In essence, these are the same library files that, however, are loaded entirely. The final binding of addresses is performed not by the linker, but by the loader. The algorithm is approximately the same: in the simplest case, when the application starts, all the dynamic libraries that it needs are immediately loaded, and the loader writes the real function addresses to all places of calls.
Naturally, the names of all exported methods and data are clearly written in such a library file.
When and what is used
It may be thought that the static and dynamic layouts are strictly contradictory, but this is not the case. You can connect part of libraries statically, and partly dynamically. You can even load dynamic libraries explicitly in your program, but in this case you cannot call the functions themselves, but only via a function pointer.

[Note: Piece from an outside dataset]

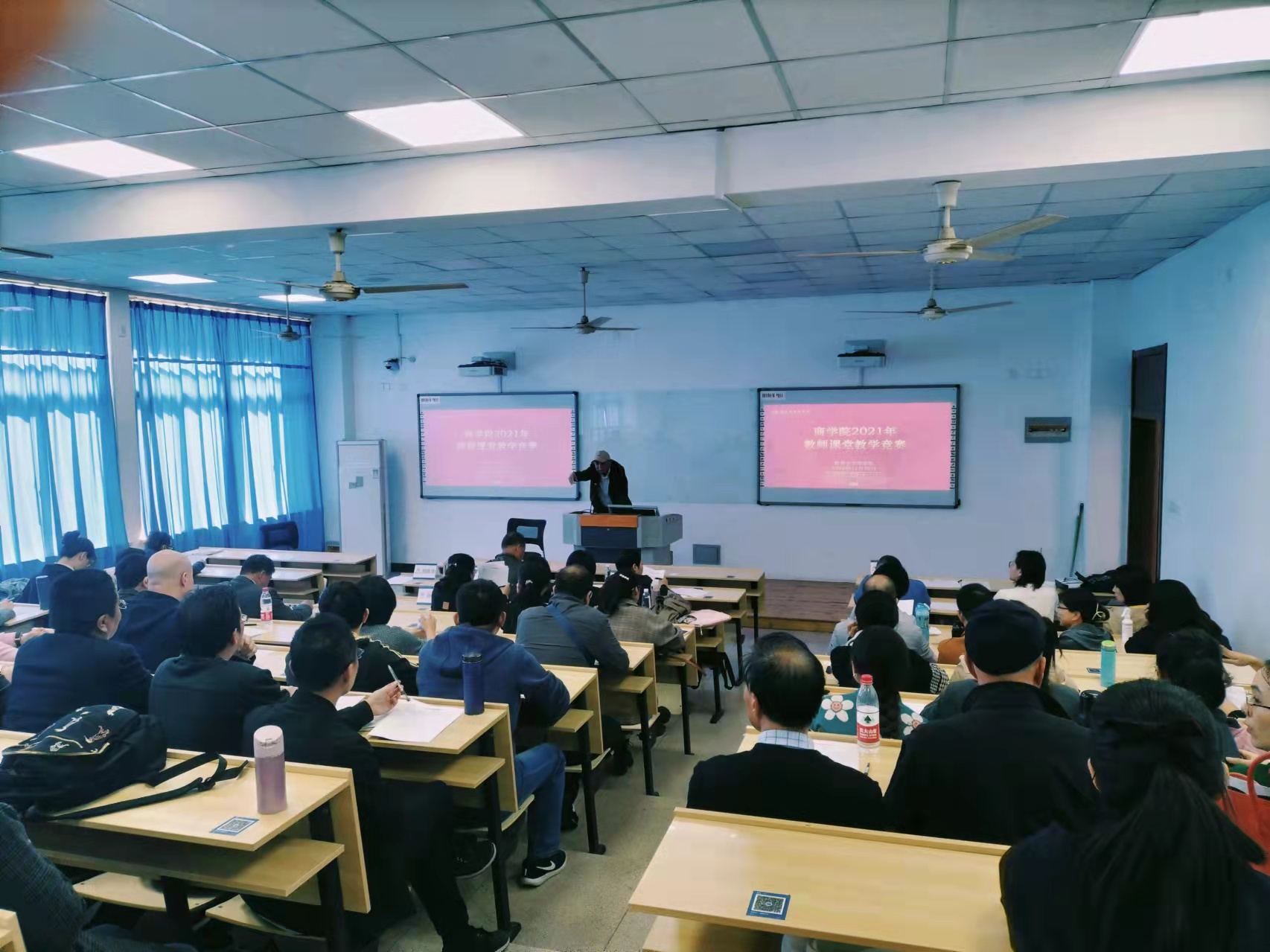 胡振华院长宣读了本次竞赛的比赛规则和评分标准,6位参赛教师按抽签顺序每人讲授15分钟内容,评分分别从教学教态、教学内容、教学方法、教学手段、教学效果、教学反思、课程思政等几个方面进行。

There are many options, but you have a simple case.
When you call malloc , the compiler understands from arguments that we are talking about dynamic linking (this makes me mention the *.so files). This means that when you load your executable module it will require the presence of certain dynamic libraries that are listed inside it along with the function names.
The loader will find these libraries, load them into the address space of the program, and register the correct addresses in all places of the call. When you call malloc function will be called at a direct address, without any function pointers — the fastest way.
Disclaimer
All this information is presented in a generalized form. For certain formats, operating systems, compilers, there may be additional agreements.
For example:
Object modules include debugging information.
In object modules place a partial result of compilation. For example, it is necessary in C ++ in order to “hide” the source code of generalized (template) classes. Naturally, this is all non-standard. When I dealt with this, there were separate, almost experimental compilers that supported it. I do not know how things are at the front now.
In the Top Speed compiler system, the format system was more complicated than the one described, because the developers wanted to make the most of the same tools for different languages, for example, they used a common low-level optimizer. This means that shared files were used to the level of object modules.
In DOS / Windows, there is a format of executable files *.com . It does not require address correction, in fact, it is enough to load it into RAM, and transfer control to the first instruction, and it will work immediately. All this is possible due to the segment organization of memory in the x86 architecture, and due to the fact that the *.com file must fit in one segment.
Therefore, in some cases, everything may be more complicated or simpler than described here. Better on specific issues consult the documentation.